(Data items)
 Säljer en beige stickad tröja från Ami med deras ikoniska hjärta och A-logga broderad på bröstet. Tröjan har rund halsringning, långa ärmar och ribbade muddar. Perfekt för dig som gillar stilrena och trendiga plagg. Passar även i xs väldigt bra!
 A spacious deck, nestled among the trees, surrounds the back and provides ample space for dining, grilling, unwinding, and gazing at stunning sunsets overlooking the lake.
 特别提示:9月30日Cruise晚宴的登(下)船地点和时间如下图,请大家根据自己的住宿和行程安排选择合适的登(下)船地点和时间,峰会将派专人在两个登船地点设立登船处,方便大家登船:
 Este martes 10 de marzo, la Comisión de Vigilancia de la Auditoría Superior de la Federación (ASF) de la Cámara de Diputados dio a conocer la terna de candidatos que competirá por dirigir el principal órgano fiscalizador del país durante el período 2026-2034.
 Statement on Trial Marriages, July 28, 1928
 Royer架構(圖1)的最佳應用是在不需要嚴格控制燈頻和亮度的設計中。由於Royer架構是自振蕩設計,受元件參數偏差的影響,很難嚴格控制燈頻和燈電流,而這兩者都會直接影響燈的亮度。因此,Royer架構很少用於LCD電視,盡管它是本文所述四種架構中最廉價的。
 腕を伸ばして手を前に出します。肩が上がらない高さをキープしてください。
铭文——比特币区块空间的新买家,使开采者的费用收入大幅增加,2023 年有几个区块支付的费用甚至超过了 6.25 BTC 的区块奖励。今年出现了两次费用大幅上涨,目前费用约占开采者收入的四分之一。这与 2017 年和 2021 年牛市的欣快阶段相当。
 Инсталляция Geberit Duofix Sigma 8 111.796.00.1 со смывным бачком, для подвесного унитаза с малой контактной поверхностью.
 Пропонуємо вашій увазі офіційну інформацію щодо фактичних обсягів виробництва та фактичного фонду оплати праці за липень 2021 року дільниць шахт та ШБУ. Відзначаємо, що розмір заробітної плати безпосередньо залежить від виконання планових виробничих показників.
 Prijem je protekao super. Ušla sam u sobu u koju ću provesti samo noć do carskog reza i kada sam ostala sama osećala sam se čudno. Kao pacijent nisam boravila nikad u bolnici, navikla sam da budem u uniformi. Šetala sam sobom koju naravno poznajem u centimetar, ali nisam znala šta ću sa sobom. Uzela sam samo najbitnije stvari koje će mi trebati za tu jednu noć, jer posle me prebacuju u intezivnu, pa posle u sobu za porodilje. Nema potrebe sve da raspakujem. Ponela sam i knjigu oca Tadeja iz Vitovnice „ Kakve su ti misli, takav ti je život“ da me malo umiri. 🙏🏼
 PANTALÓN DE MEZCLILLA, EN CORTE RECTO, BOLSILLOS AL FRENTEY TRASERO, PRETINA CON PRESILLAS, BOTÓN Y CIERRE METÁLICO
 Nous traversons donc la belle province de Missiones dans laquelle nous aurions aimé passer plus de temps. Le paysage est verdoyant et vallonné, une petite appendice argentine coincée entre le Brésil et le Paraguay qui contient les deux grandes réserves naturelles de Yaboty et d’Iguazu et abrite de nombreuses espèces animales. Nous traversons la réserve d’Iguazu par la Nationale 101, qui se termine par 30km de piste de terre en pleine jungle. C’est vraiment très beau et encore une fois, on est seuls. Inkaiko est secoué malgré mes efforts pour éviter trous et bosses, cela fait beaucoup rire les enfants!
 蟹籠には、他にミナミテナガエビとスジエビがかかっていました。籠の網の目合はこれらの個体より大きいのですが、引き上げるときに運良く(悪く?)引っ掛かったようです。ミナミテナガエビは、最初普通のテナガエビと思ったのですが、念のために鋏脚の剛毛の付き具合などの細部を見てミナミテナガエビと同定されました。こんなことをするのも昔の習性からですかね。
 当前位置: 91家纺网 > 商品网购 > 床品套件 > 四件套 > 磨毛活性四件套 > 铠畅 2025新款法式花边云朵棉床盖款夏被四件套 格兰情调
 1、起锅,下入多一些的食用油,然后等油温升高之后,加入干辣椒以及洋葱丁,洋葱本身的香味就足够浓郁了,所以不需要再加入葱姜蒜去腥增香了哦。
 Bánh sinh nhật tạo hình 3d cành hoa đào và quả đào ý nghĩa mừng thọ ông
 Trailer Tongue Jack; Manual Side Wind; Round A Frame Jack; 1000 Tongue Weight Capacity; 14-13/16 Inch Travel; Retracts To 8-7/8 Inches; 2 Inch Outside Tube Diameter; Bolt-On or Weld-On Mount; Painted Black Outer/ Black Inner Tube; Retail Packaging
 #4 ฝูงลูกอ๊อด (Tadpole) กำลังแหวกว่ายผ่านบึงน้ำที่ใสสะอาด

> _Goal of the exercise_:
Give back each record above exactly as written.

> _Written answer_:
 Säljer en beige stickad tröja från Ami med deras ikoniska hjärta och A-logga broderad på bröstet. Tröjan har rund halsringning, långa ärmar och ribbade muddar. Perfekt för dig som gillar stilrena och trendiga plagg. Passar även i xs väldigt bra!
 A spacious deck, nestled among the trees, surrounds the back and provides ample space for dining, grilling, unwinding, and gazing at stunning sunsets overlooking the lake.
 特别提示:9月30日Cruise晚宴的登(下)船地点和时间如下图,请大家根据自己的住宿和行程安排选择合适的登(下)船地点和时间,峰会将派专人在两个登船地点设立登船处,方便大家登船:
 Este martes 10 de marzo, la Comisión de Vigilancia de la Auditoría Superior de la Federación (ASF) de la Cámara de Diputados dio a conocer la terna de candidatos que competirá por dirigir el principal órgano fiscalizador del país durante el período 2026-2034.
 Statement on Trial Marriages, July 28, 1928
 Royer架構(圖1)的最佳應用是在不需要嚴格控制燈頻和亮度的設計中。由於Royer架構是自振蕩設計,受元件參數偏差的影響,很難嚴格控制燈頻和燈電流,而這兩者都會直接影響燈的亮度。因此,Royer架構很少用於LCD電視,盡管它是本文所述四種架構中最廉價的。
 腕を伸ばして手を前に出します。肩が上がらない高さをキープしてください。
铭文——比特币区块空间的新买家,使开采者的费用收入大幅增加,2023 年有几个区块支付的费用甚至超过了 6.25 BTC 的区块奖励。今年出现了两次费用大幅上涨,目前费用约占开采者收入的四分之一。这与 2017 年和 2021 年牛市的欣快阶段相当。
 Инсталляция Geberit Duofix Sigma 8 111.796.00.1 со смывным бачком, для подвесного унитаза с малой контактной поверхностью.
 Пропонуємо вашій увазі офіційну інформацію щодо фактичних обсягів виробництва та фактичного фонду оплати праці за липень 2021 року дільниць шахт та ШБУ. Відзначаємо, що розмір заробітної плати безпосередньо залежить від виконання планових виробничих показників.
 Prijem je protekao super. Ušla sam u sobu u koju ću provesti samo noć do carskog reza i kada sam ostala sama osećala sam se čudno. Kao pacijent nisam boravila nikad u bolnici, navikla sam da budem u uniformi. Šetala sam sobom koju naravno poznajem u centimetar, ali nisam znala šta ću sa sobom. Uzela sam samo najbitnije stvari koje će mi trebati za tu jednu noć, jer posle me prebacuju u intezivnu, pa posle u sobu za porodilje. Nema potrebe sve da raspakujem. Ponela sam i knjigu oca Tadeja iz Vitovnice „ Kakve su ti misli, takav ti je život“ da me malo umiri. 🙏🏼
 PANTALÓN DE MEZCLILLA, EN CORTE RECTO, BOLSILLOS AL FRENTEY TRASERO, PRETINA CON PRESILLAS, BOTÓN Y CIERRE METÁLICO
 Nous traversons donc la belle province de Missiones dans laquelle nous aurions aimé passer plus de temps. Le paysage est verdoyant et vallonné, une petite appendice argentine coincée entre le Brésil et le Paraguay qui contient les deux grandes réserves naturelles de Yaboty et d’Iguazu et abrite de nombreuses espèces animales. Nous traversons la réserve d’Iguazu par la Nationale 101, qui se termine par 30km de piste de terre en pleine jungle. C’est vraiment très beau et encore une fois, on est seuls. Inkaiko est secoué malgré mes efforts pour éviter trous et bosses, cela fait beaucoup rire les enfants!
 蟹籠には、他にミナミテナガエビとスジエビがかかっていました。籠の網の目合はこれらの個体より大きいのですが、引き上げるときに運良く(悪く?)引っ掛かったようです。ミナミテナガエビは、最初普通のテナガエビと思ったのですが、念のために鋏脚の剛毛の付き具合などの細部を見てミナミテナガエビと同定されました。こんなことをするのも昔の習性からですかね。
 当前位置: 91家纺网 > 商品网购 > 床品套件 > 四件套 > 磨毛活性四件套 > 铠畅 2025新款法式花边云朵棉床盖款夏被四件套 格兰情调
 1、起锅,下入多一些的食用油,然后等油温升高之后,加入干辣椒以及洋葱丁,洋葱本身的香味就足够浓郁了,所以不需要再加入葱姜蒜去腥增香了哦。
 Bánh sinh nhật tạo hình 3d cành hoa đào và quả đào ý nghĩa mừng thọ ông
 Trailer Tongue Jack; Manual Side Wind; Round A Frame Jack; 1000 Tongue Weight Capacity; 14-13/16 Inch Travel; Retracts To 8-7/8 Inches; 2 Inch Outside Tube Diameter; Bolt-On or Weld-On Mount; Painted Black Outer/ Black Inner Tube; Retail Packaging
 #4 ฝูงลูกอ๊อด (Tadpole) กำลังแหวกว่ายผ่านบึงน้ำที่ใสสะอาด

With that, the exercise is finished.